Carlos Bolsonaro cobra ação do PL e critica “inércia” interna em meio a tensões no partido e rachas na direita. Nota de alerta ao presidente Valdemar.

O ex-vereador Carlos Bolsonaro, membro do Partido Liberal (PL) e filho do ex-presidente Jair Bolsonaro, lançou críticas contundentes à liderança do partido comandado por Valdemar Costa Neto. Através de uma publicação em suas redes sociais, Carlos expressou sua preocupação com o que considera uma “inércia” da sigla em relação a questões internas que precisam de atenção imediata. Sua mensagem, postada ontem, não detalhou os episódios específicos que motivaram tal descontentamento, mas a urgência no tom deixou claro que há muito a ser discutido.

“Valdemar, me ajude a te ajudar, antes que seja tarde… Pelo amor de Deus! Está ficando feio para o partido que prefere não ver o que está acontecendo dentro de casa. Isso é um absurdo. Mas por que tanta inércia? Difícil entender. Vai ver é só coincidência…”, escreveu Carlos, sublinhando uma inquietação crescente que parece refletir um clima de insatisfação dentro do PL.

Na véspera, Carlos já havia adotado um tom crítico, ao comentar uma denúncia feita à Procuradoria-Geral da República contra seu irmão, Flávio Bolsonaro, pré-candidato à presidência. A acusação envolve suposta propaganda eleitoral antecipada em uma igreja, e Carlos usou a ocasião para convocar o partido a se mobilizar em defesa do irmão. “A democracia venezuelana funcionando a todo vapor desde 2022. Mais uma excelente oportunidade de demonstrar a união e defender, com a verdade, Flávio Bolsonaro.
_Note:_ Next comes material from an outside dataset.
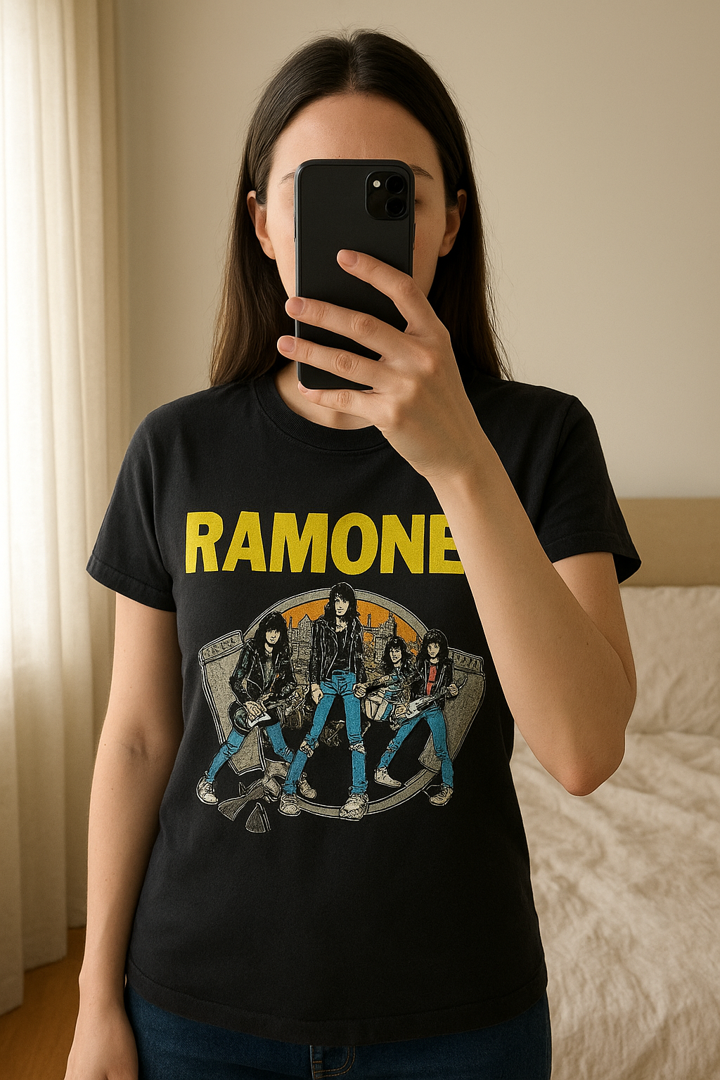 T-shirt Ramones officiel ultra vintage – Taille S (Unisexe) debout, face à la caméra, dans une chambre à la lumière douce, avec une lumière naturelle filtrant par la fenêtre.
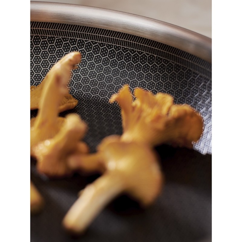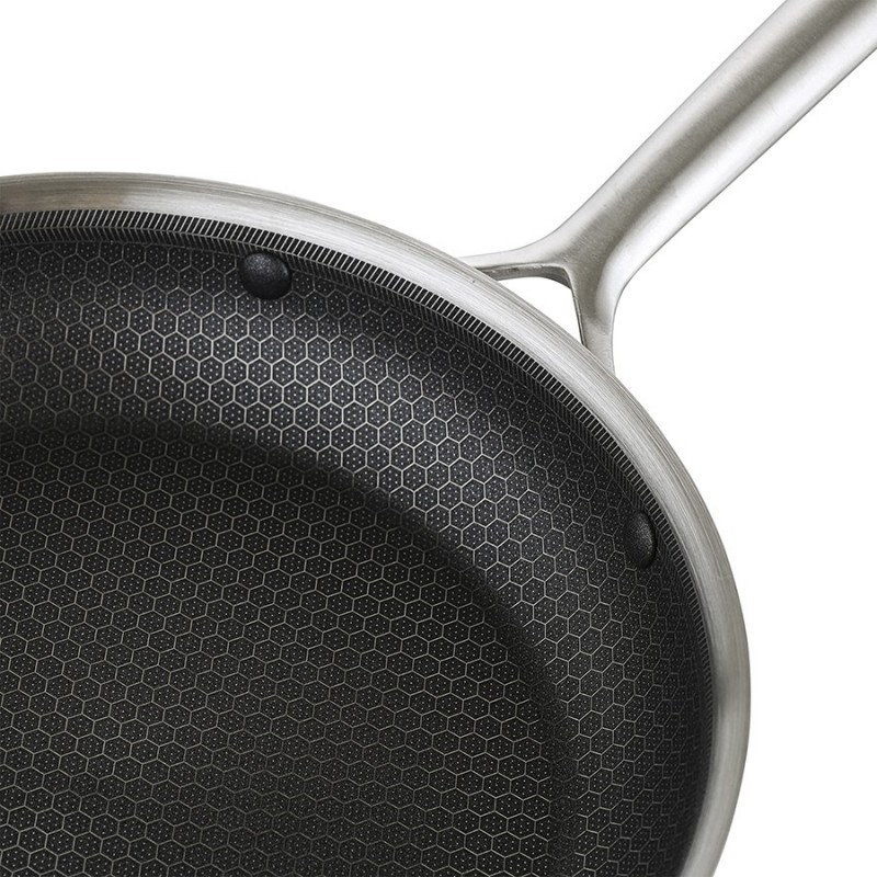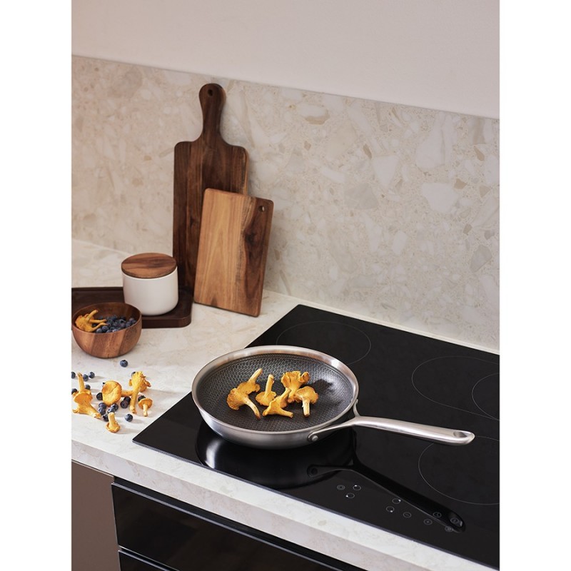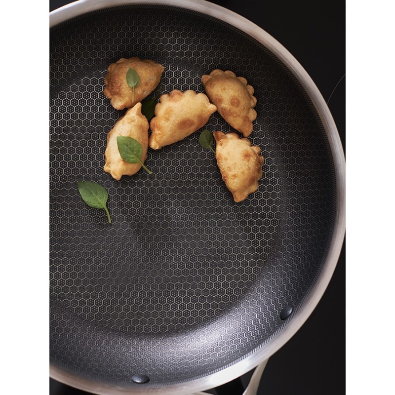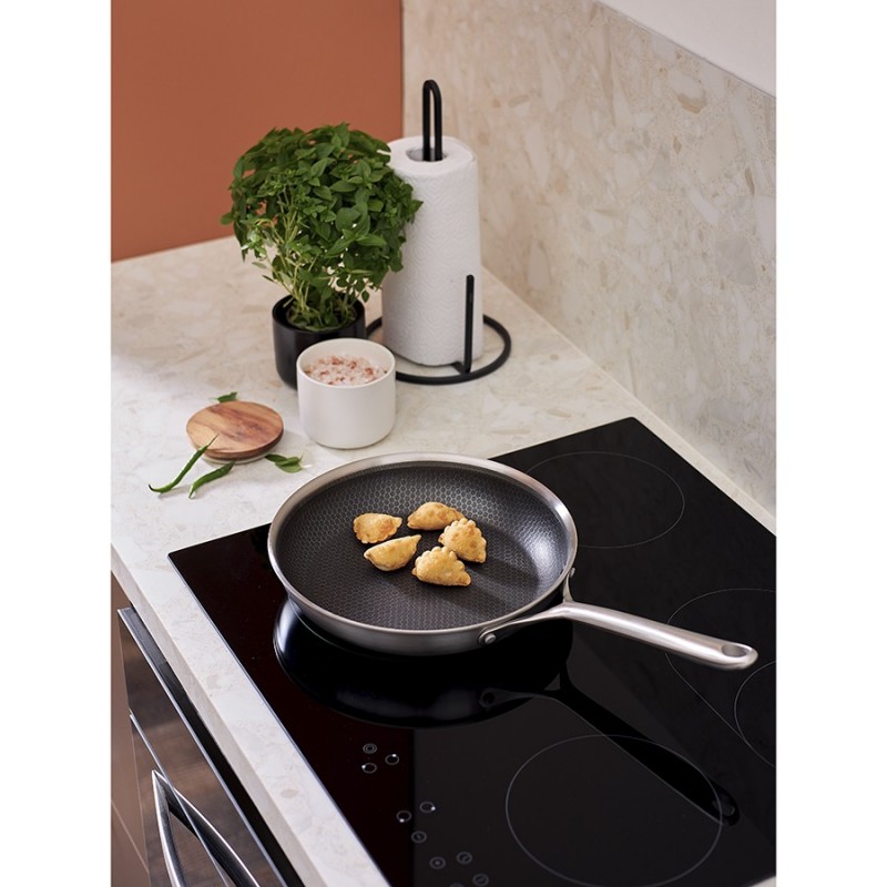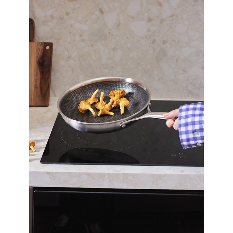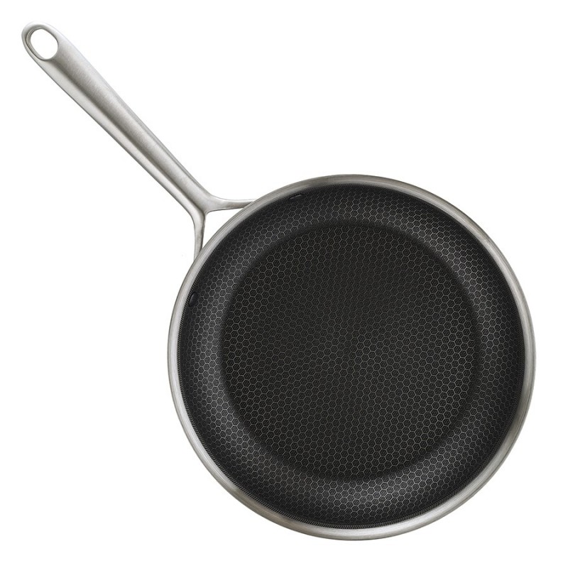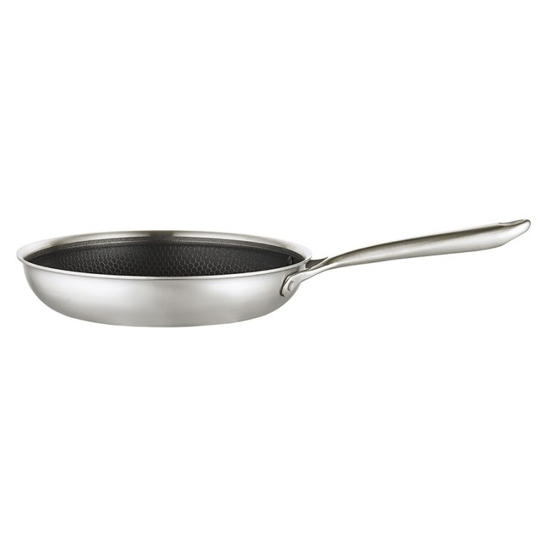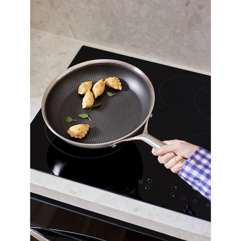 Сковорода 3Ply Etalon, изготовленная по инновационной технологии TRI-PLY, с уникальным структурным дном Honeycomb с лазерным напылением поможет получить настоящее удовольствие от готовки и позволит почувствовать себя настоящим шеф-поваром на собственной кухне.Особенности и преимущества:- Сковорода изготовлена из высококачественной нержавеющей стали 18/10, благодаря чему долго служит, сохраняя первозданный вид. - Дно и стенки из нержавеющей стали толщиной 2,5 мм с внутренним слоем из алюминия обеспечивают равномерное распределение тепла. - Посуда с толстым дном и стенками менее подвержена вмятинам и повреждениям. - Структурное дно Honeycomb с лазерным напылением устойчиво к царапинам и повреждениям, что позволяет использовать металлические кухонные инструменты. - Трехслойное покрытие Теflon Platinum не боится царапин, предотвращает прилипание продуктов, не выделяет вредных веществ и легко моется. - Устойчивая к нагреву ручка гарантирует безопасное и удобное использование. - Сковорода подходит для всех видов плит, включая индукционные, газовые и электрические. - Благодаря матовой поверхности посуда 3Ply Etalon выглядит невероятно стильно, что делает ее украшением любой современной кухни.! 3Ply Etalon с лазерным напылением по своим антипригарным свойствам отличается от сковородок с традиционным тефлоновым покрытием. Структурное дно Honeycomb предотвращает прилипание, но не полностью защищает от этого, поэтому рекомендуем хорошо разогревать сковороду перед жаркой и обязательно использовать небольшое количество масла. Некоторые “капризные” продукты, например, яичница, могут первое время требовать чуть больше внимания и контроля температуры. Зато блюда, приготовленные на этой сковороде, приобретают хрустящую корочку, которую сложнее получить на обычной антипригарной поверхности.Материал: нержавеющая сталь, алюминий, антипригарное покрытие Теflon Platinum. Диаметр по краю внешний: 27,7 см. Диаметр по краю внутренний: 26 см. Ширина: 27,6 см. Длина: 44,7 см. Высота: 5 см. Диаметр дна снаружи: 21 см. Диаметр дна изнутри: 21 см. Высота стенки изнутри: 5,5 см.Сковороду запрещено мыть в посудомоечной машине, только вручную. Перед первым использованием необходимо промыть сковороду в теплой мыльной воде при помощи мягкой губки. В дальнейшем рекомендуется очищать посуду сразу после приготовления, как только она остынет. Запрещается использование абразивов и агрессивной бытовой химии.

Vamos ao engajamento!”, exclamou.

Esses descontentamentos surgem em um contexto de publicações tensas entre figuras importantes da direita brasileira, evidenciando um racha crescente dentro do bolsonarismo. Recentemente, o ex-deputado Eduardo Bolsonaro e o deputado federal Nikolas Ferreira se envolveram em uma troca de farpas nas redes sociais, simbolizando as disputas internas por espaço e influência no cenário político.

Adicionalmente, Nikolas Ferreira foi envolvido em uma polêmica com o senador Jorge Seif, originada em torno do veto ao projeto da Dosimetria, que propõe reduzir penas de condenados pelos atos violentos de 8 de janeiro de 2023. Depois de pressionar pela convocação de uma sessão para discutir o veto, Ferreira foi sarcasticamente chamado de “vagabundo” por Seif, em uma troca que expõe as fragilidades e tensões no seio do PL.

Esses episódios ressaltam não apenas a falta de coesão entre as forças de direita no Brasil, mas também a necessidade urgente de diálogo e estratégia para que as lideranças possam encontrar soluções para os conflitos internos que ameaçam a unidade do partido. À medida que se aproximam as eleições, as reivindicações e críticas de Carlos Bolsonaro ao seu próprio partido podem ser um sinal de que a trajetória rumo às urnas será marcada por desafios significativos, exigindo uma reavaliação das prioridades políticas do PL.